The Senior Manufacturing Engineer is responsible for leading manufacturing process development, optimization, and technical execution to support efficient, compliant, and high-quality production of medical devices. This role works closely with cross-functional teams including Production, Quality, NPI/R&D, and Supply Chain to ensure robust manufacturing processes for both existing products and new product introductions.

Key Responsibilities

• Process Development & Optimizations: Design, implement, and continuously improve manufacturing processes to enhance product quality, yield, throughput, and cost efficiency.

• New Product Introduction (NPI): Support and lead technology transfer activities from development to manufacturing, ensuring processes are scalable, well-documented, and production-ready.

• Process Qualification & Validation: Lead and execute equipment and process validation activities including IQ/OQ/PQ prepare validation protocols, reports, and supporting documentation.

• Manufacturing Support & Troubleshooting: Provide senior-level technical support to production operations, resolving process issues, reducing variability, and minimizing downtime and defects.

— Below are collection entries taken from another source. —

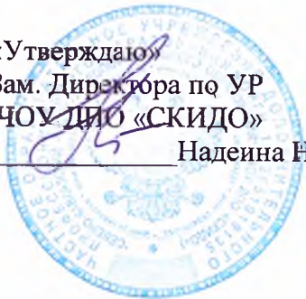
График учебного процесса на 2019-2020 уч. год

по дополнительной профессиональной программе профессиональной переподготовки «Педагогика и методика дополнительного образования детей и взрослых»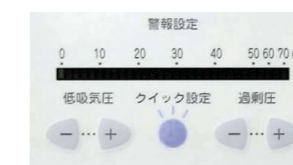
回路内圧警報設定

分時換気量上限：実測呼気分時換気量の 150% 分時換気量下限：実測呼気分時換気量の 70%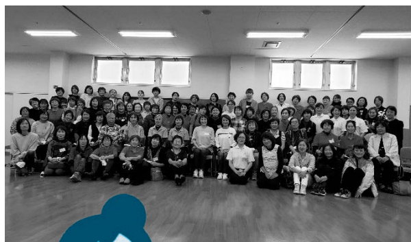
表彰式後、参加者全員で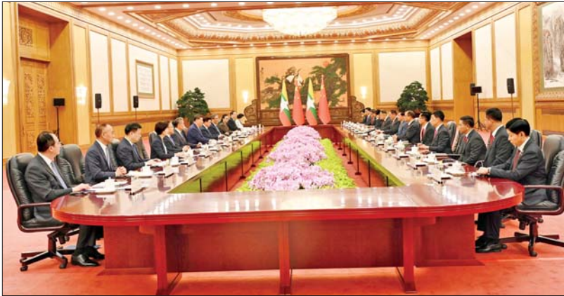
နိုင်ငံတော်သမ္မတ ဦးမင်းအောင်လှိုင်နှင့် တရုတ်ပြည်သူ့သမ္မတနိုင်ငံသမ္မတ မစ္စတာ ရှီကျင့်ဖျင်တို့ နှစ်နိုင်ငံကိုယ်စားလှယ်အဖွဲ့ဝင်များနှင့်အတူ ဇွန် ၁၆ ရက်က ဗူကျွန်ခန်းမဆောင်၌ တွေ့ဆုံဆွေးနွေးကြစဉ်။

တရုတ်နိုင်ငံအနေဖြင့်လည်း မတ်လဆန်းပိုင်းတွင် အရေးကြီးအစည်းအဝေးဖြစ်သည့် (၁၄)ကြိမ်မြောက် အမျိုးသားပြည်သူ့ကွန်ဂရက်အစည်းအဝေးနှင့် (၁၄)ကြိမ်မြောက် တရုတ်ပြည်သူ့နိုင်ငံရေး အတိုင်ပင်ခံကွန်ဖရင့်ကော်မတီအစည်းအဝေး (Two Sessions)ကို ကျင်းပခဲ့ပြီး ချမှတ်ခဲ့သည့် (၁၅)ကြိမ်မြောက် ငါးနှစ်သက်တမ်းအတွက် အရေးကြီးသည့်မူဝါဒများကို ချမှတ်ကျင့်သုံးနေချိန်ဖြစ်သည်။ Two Sessions အစည်းအဝေးတွင် ချမှတ်ခဲ့သည့် မဟာဗျူဟာ ဦးတည်ချက်များသည် တရုတ်နိုင်ငံ၏ ရေရှည်ဖွံ့ဖြိုးတိုးတက်ရေးအတွက်သာမက မြန်မာနိုင်ငံအပါအဝင် အိမ်နီးချင်းနိုင်ငံများအတွက် ဖွံ့ဖြိုးမှုဆိုင်ရာ အခွင့်အလမ်းသစ်များကို ဖန်တီးပေးနိုင်မည်ဟု ယုံကြည်ထားသည်။ ထို့ကြောင့် ယခုအချိန်သည် နှစ်နိုင်ငံအကြား ရှိရင်းစွဲကောင်းမွန်သည့် ဆက်ဆံရေးကို ပိုမိုခိုင်မာစေရန် နှစ်နိုင်ငံဘက်မှစီစဉ်ထားသည့် ဖော်ဆောင်ပေးမည့် ပူးပေါင်းဆောင်ရွက်မှု ပိုမိုမြှင့်တင်သွားရန် အချိန်အခါကောင်းပင်ဖြစ်ပါကြောင်း နိုင်ငံတော်သမ္မတက ပြောကြားခဲ့သည်။

• Continuous Improvement: Drive Lean Manufacturing, Six Sigma, and other continuous improvement initiatives to eliminate waste and improve operational performance.

• Documentation & Compliance: Develop and maintain manufacturing documentation including SOPs, work instructions, PFMEA, control plans, and technical reports in compliance with regulatory and quality system requirements.

• Quality & Risk Management: Support root cause investigations, CAPA activities, and risk assessments work closely with Quality teams to ensure process robustness and regulatory compliance.

• Cross-Functional Collaboration: Partner with internal stakeholders, suppliers, and equipment vendors to support tooling, automation, material selection, and process enhancements.

Qualifications

• Education: Bachelor's degree in Mechanical Engineering, Manufacturing/Industrial Engineering, Biomedical Engineering, or a related technical discipline.

• Experience: Minimum 5-8+ years of experience in manufacturing engineering within a regulated environment, preferably medical device manufacturing.

Technical Skills:

• Strong background in manufacturing process design and optimization
• Hands-on experience with process validation and qualification
• Knowledge of DOE, SPC, PFMEA, and statistical analysis
• Experience with automation, fixtures, tooling, and equipment integration
• Strong documentation and reporting skills

• Regulatory & Quality Knowledge: Working knowledge of GMP, ISO 13485, and applicable regulatory requirements.

• Soft Skills: Strong communication, problem-solving, and project leadership skills with the ability to influence cross-functional teams.

• Personal Attributes: Self-driven, detail-oriented, adaptable, and able to thrive in a fast-paced manufacturing environment.